Everything else about the movie is a fabrication, but what is real is James Cagney’s one-of-a-kind dance moves and enthusiasm at playing the antithesis of his tough guy gangster image. Embracing the hoofer moves he picked up on the Vaudeville stage decades earlier, Cagney is sprightly and irresistible as Cohan while skipping across the screen. He’ll even get you to sing along to some of the most flag-waving hits of more than a hundred years ago.
The Grapes of Wrath (1940)
On the flip side of Golden Age Hollywood’s patriotic optimism in Mr. Smith and Yankee Doodle is John Ford’s far more sober-eyed adaptation of the John Steinbeck novel, The Grapes of Wrath. Released around the same time as the two above films, and from a noted Hollywood conservative who made John Wayne an icon, The Grapes of Wrath’s unblinking honesty about the horrors of the Great Depression is all the more remarkably bold.

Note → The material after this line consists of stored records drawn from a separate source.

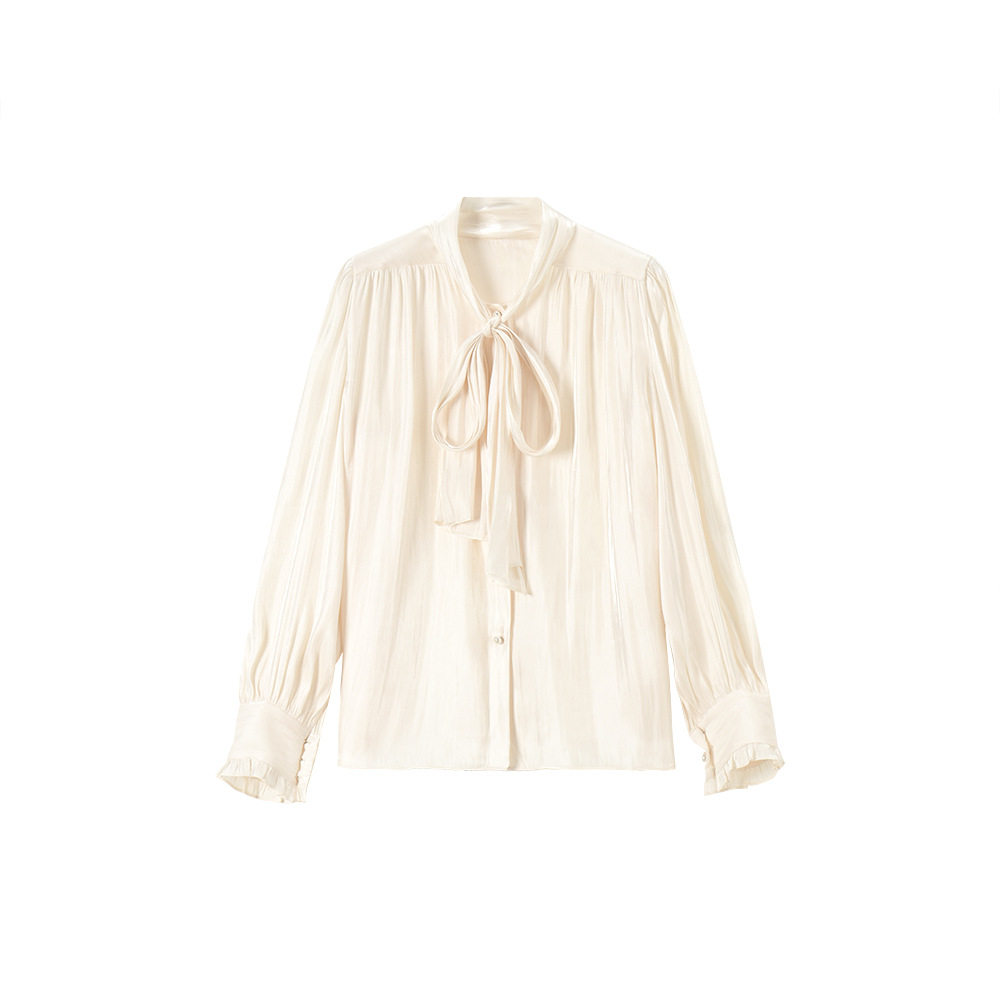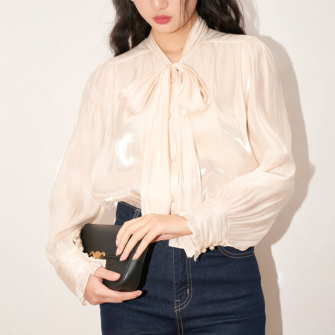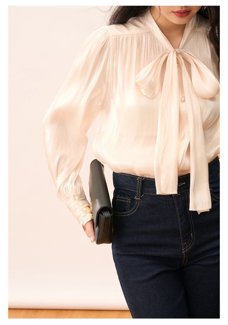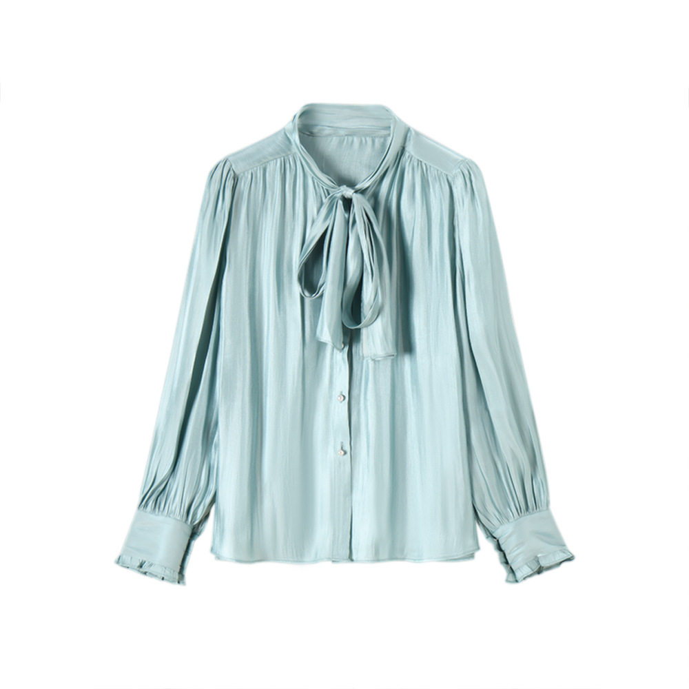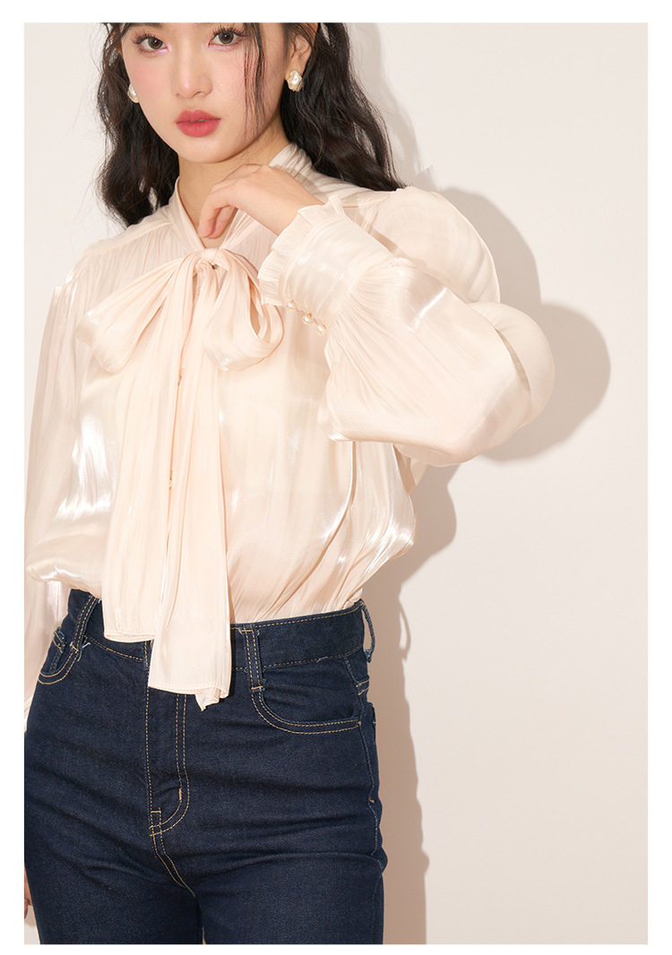 【トップス】エレガント 光沢感 ボウタイ リボン結び ブラウス 【JZシリーズ】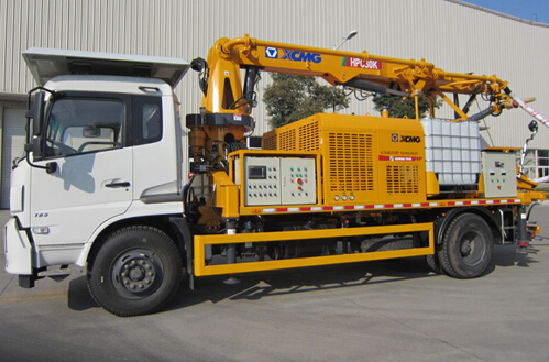 Торкретообрызгивающий автомобиль HPC30K объединяет три функции: ходьбу, бетон насосной, извержение в одном, предназначено в основном для строительства крупных участков железной дороги, автомобильных туннелей, наклона, водного хозяйства и тоннеля гидроэнергетики и подземных труб и различных военных, гражданских и других подземных инженерных областях, Продукт сочетает в себе ведущую технологию Schwing — всесторонный гидравлический реверс, что сэкономит время коммутации на 40%, насосная непрерывность и эффективность увеличилась на 5%, поток через основной объем клапана уменьшается на 50%, по весу сократился на 50%, уменьшить гидравлические потери 0,5 МПа или более. На нем применяются контроль обратной связи с помощью новой шины дистанционного управления системы, новый дисплей панели обратной связи, интерактивная конфигурация NC операционной системы, мокрый ввод данных спрей и хранение записей через взаимодействие человека с компьютером, состаяние эксплуатации, дисплей эксплуатационных данных и предупреждений о неисправностях. Позиционер составляет из форсунки в сборе и стрела в сборе, при помощи 360° вращающегося цилиндра, 180° цилиндра отклонения, 8×360° вовсю салфетки моторных и других компонентов, пространственная ориентация действительно осуществляет многомерное направление полярной изменение, в сочетании с его кузовом смарт-дизайниа двумя энергосистемами, так ходить, работать эффективно, удобно, становятся «универсальным торкретообрызгивающим оборудованием XCMG» для строительства наклона, тоннелей и других бетонных распыления полей, многомерных малых космических операций.
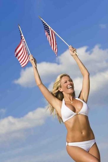 【アメリカのポストカード】アメリカ人白人女性が星条旗を振りながら水着で走るのはがきハガキ葉書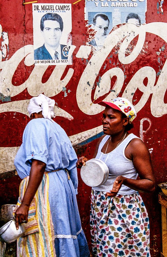 Women in front of a Coca-Cola logo in Santo Domingo / Dominican Republic in the Caribbean. The recording was made with analogue film!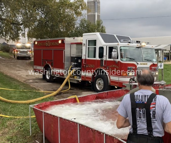 October 3, 2021 – Town of Jackson, WI – An aerial ladder pours a steady stream of water on a machinery shed already heavily damaged by fire.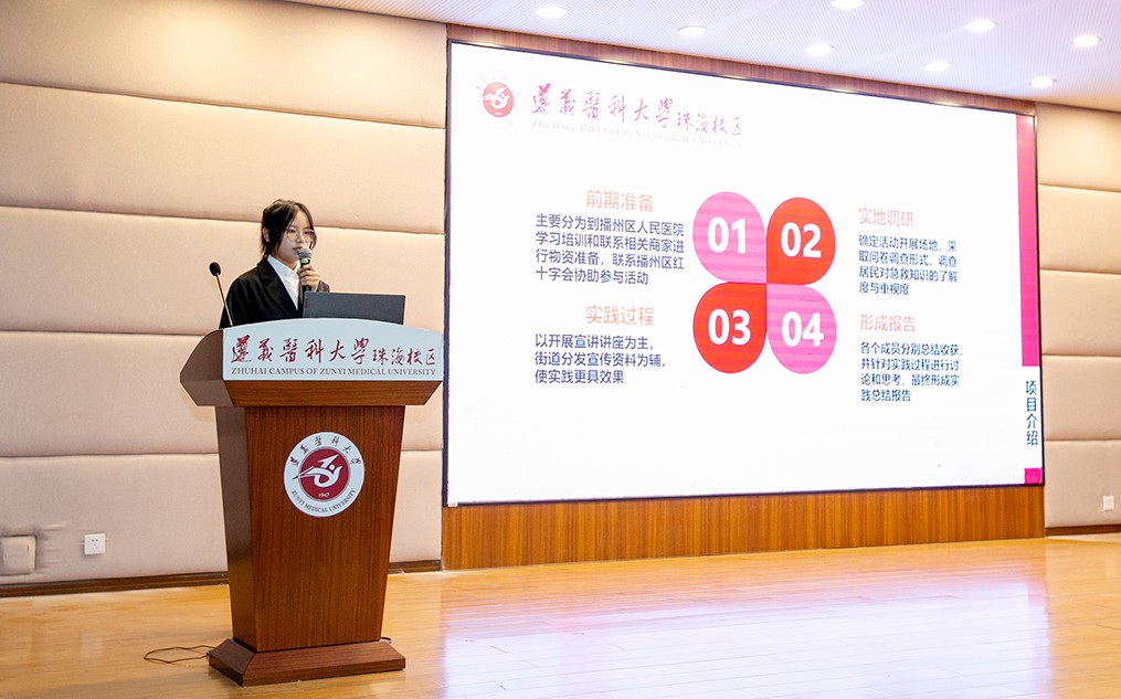 「參加社會實踐得到了鍛煉,讓自己的學習得到一個更明顯的提升。」遵義醫科大學珠海校區基礎教學部2021級臨床13班學生趙鑫澳說,她們隊伍做的是「關於居民了解急救知識情況的調查研究」。通過對走訪的社區調查發現,目前急救知識技能普及情況存在很多問題,隊員們對調查結果做出了細緻的分析,得出了結論,並且對社區提出了調整建議。同時,也建議當地政府將民眾掌握醫療急救知識的程度納入城市文明創建指標,把普及急救知識和技能列為有關部門工作考核範圍,重點人群和行業中開展救護培訓,在中小學建立應急急救課程,把急救自救知識列入班會課,確保在校學生和教職工正確掌握各類應急及自救方法,提高市民自我急救的意識和能力,以及科學對待突發公共衛生事件和日常疾病中的緊急情況。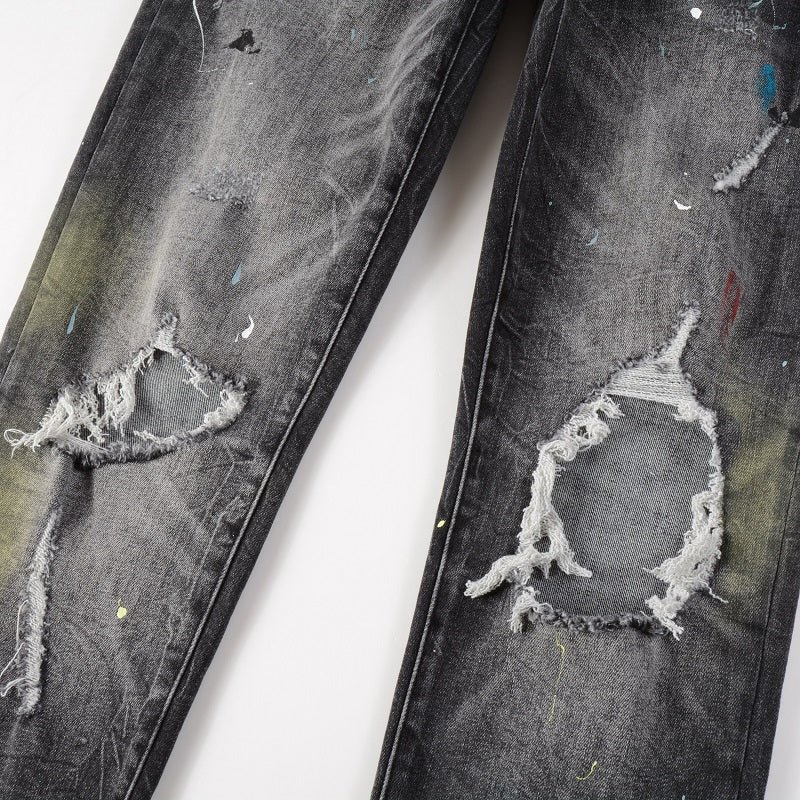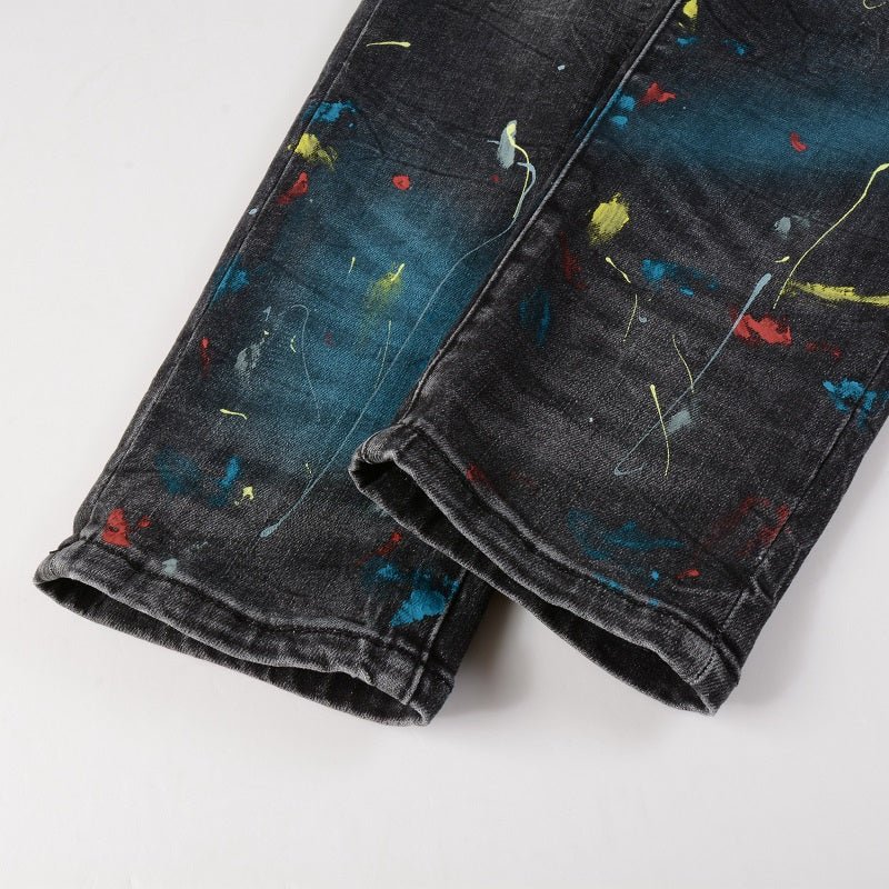 Upgrade your denim with the Amr Paint Sprayed Black Jeans. Premium jeans with authentic wash and quality stitching.

The film follows the Joad family, a multigenerational clan of farmers who are forced to abandon their ancestral home in dust-ridden Oklahoma in order to find a salvation that never really comes in California. It is at times bleak, and yet the film and star Henry Fonda’s dogged resilience makes for a strangely affecting and reassuring antithesis to many of the other films on this list. The Grapes of Wrath essays one of the grimmest chapters in American history and does not shy away from the generation(s) left behind. But it approaches them with warmth, empathy, and an optimism of spirit that feels wholly American and comforting to a country facing its own challenging times 90 years later.
Independence Day (1996)
Finally, we offer some good old-fashioned American escapism for those who just want to find a little of that old school ‘90s confidence and buoyancy. If so, look no further than Bill Pullman’s boisterous speech about how “we will not go quietly into the night” while facing the threat of imminent alien annihilation. “We’re going to live on! We’re going to survive! Today we celebrate our Independence Day!”
The sequence, complete with a desperately rousing musical score by David Arnold, is calculated and some might say symptomatic of ‘90s summer blockbuster cheese. But damn if it isn’t effective—and every bit as winning as Will Smith’s star-making smile when he says, “Didn’t I promise you some fireworks?” Let the light show commence in this beer and burgers entertainment.